And finally, one last resource, let me create the container, which is where we're gonna be storing all of the images for our pets. So I select containers, I again select a new resource with the required properties, and then I can pass in that container name, which in this case is a parameter. So just in that few, those few lines of Bicep, I now have an entire storage account, my blob services, and then my container.
But how do the rest of my resources and my Bicep template leverage the storage account? That's where output parameters come in. I can specify all of the properties that I want to pass back into my applications infrastructure file. So here I have my storage account ID, which is a string where I can just say storage.id. I can do the same exact thing for the storage account name.
And as I'm filling this out, again, Bicep is just guiding me along the way. It's super easy just to specify that this is a string. I can choose from the dropdown of all of the available properties. And because my container is a child resource of that storage account, it's super simple just to say storage::blob and then access the container inside of it and get access to all of those properties. So super easy to specify my parameters, my resource, and its outputs.
And then finally, let's get that wired up. Let's go right in back into our info.Bicep file. Let's drop in a new module called storage, and let's select that storage.Bicep file that we just created, and Bicep will read that file and know that I'm required to set that location and a name. So let's go ahead and fill that out.

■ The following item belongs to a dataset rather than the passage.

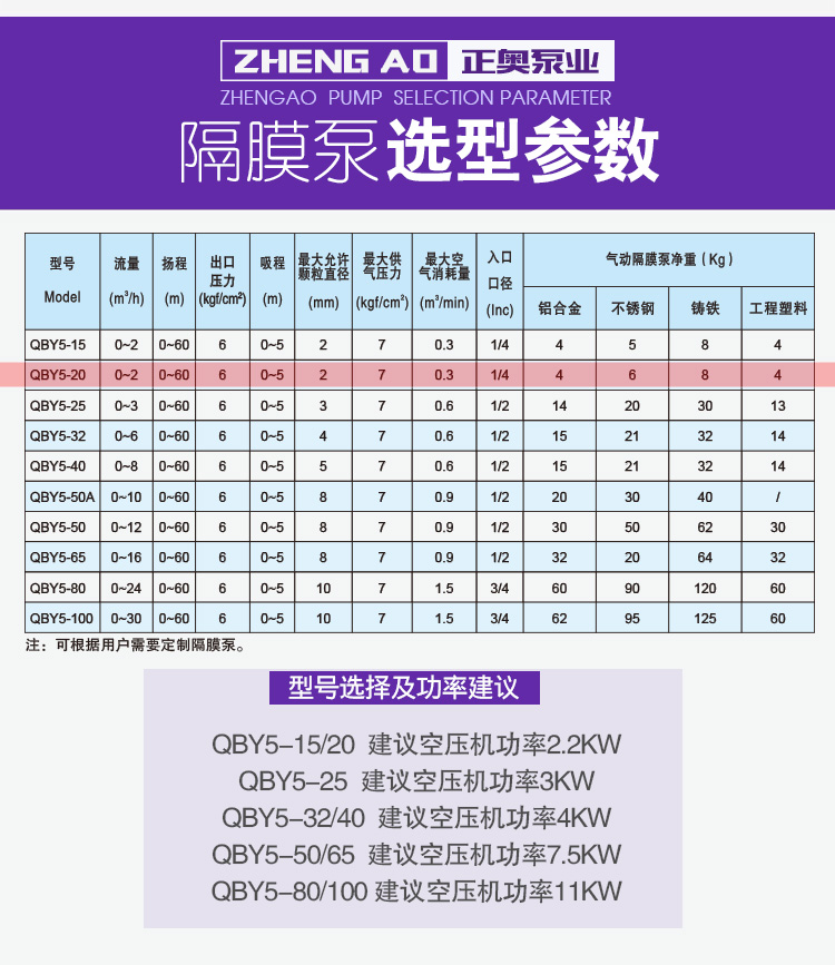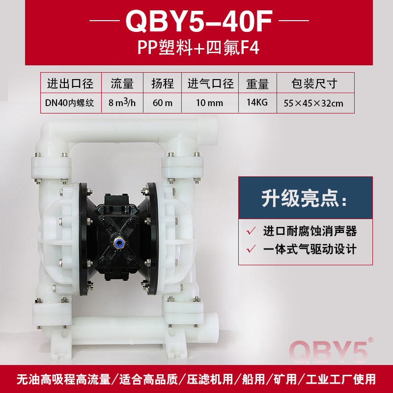 QBY5-F型塑料氣動隔膜泵是目前國內新穎的一種采用壓縮空氣為動力源,通過氣閥往復運動分配空氣,帶動隔膜擠壓輸送介質的容積式泵,該泵集雜質泵、自吸泵、泥漿泵、屏蔽泵、潛水泵等輸送機械的優點。聚丙烯塑料塑料氣動隔膜泵是一種新型輸送機械,是目前國內新穎的一種泵類。采用壓縮空氣為動力源,對于各種腐蝕性液體,帶顆粒的液體,高粘度、易揮發、易燃、劇毒的液體,均能予以抽光吸盡。其性能參數與聯邦德國的WLLDENPVMPS、美國的MARIOWPUMPS相近。 有4種規格直徑:∮10mm(3/8〃)、∮15mm(1/2〃)、∮25 mm(1〃)、∮40mm(11/2〃)。隔膜片根據不同液體介質分別采用丁晴橡膠、氯丁橡膠、聚四氟乙烯、等滿足不同用戶的需要。

Now that my infrastructure file has been updated, I have a pipeline set up that will deploy this into Azure for me. So all I need to do is go into the version control, go ahead and stage and commit both the storage.Bicep and my updated info.Bicep. Push those into my repo, and now I have my GitHub actions workflow kicking off to deploy my resources into Azure.
So let's take a look at that pipeline. Here you can see that I am checking out the repository, logging into Azure, and then deploying my infrastructure file. With those three simple steps, I now can deploy my infrastructure straight into my Azure resource group. So let's go and see that. Yep, we're the, that GitHub runner, which is running that pipeline is actually also leveraging those arm 64 VMs that is being used in our AKS cluster. This ensures that our build and testing pipeline step matches the architecture and the expectations of our application.
And here you can see that our pipeline has completed, our infrastructure is now deployed into our Azure subscription, and if I pop over into my Azure resource group and hit refresh, I should now see that new storage account deployed for me. And look, there it is. If I hover over that, we'll see we now have a pet spotter storage account ready for me to begin uploading pet images to then train. So with that, we just saw how easy it was to create repeatable templates for our infrastructure and that can be deployed as part of our pipeline. The combination of the Bicep infrastructure is code language plus GitHub actions allows me to get up and running in Azure in minutes. All right, now that we have our infrastructure deployed and ready, it's time to write some code and deploy our application.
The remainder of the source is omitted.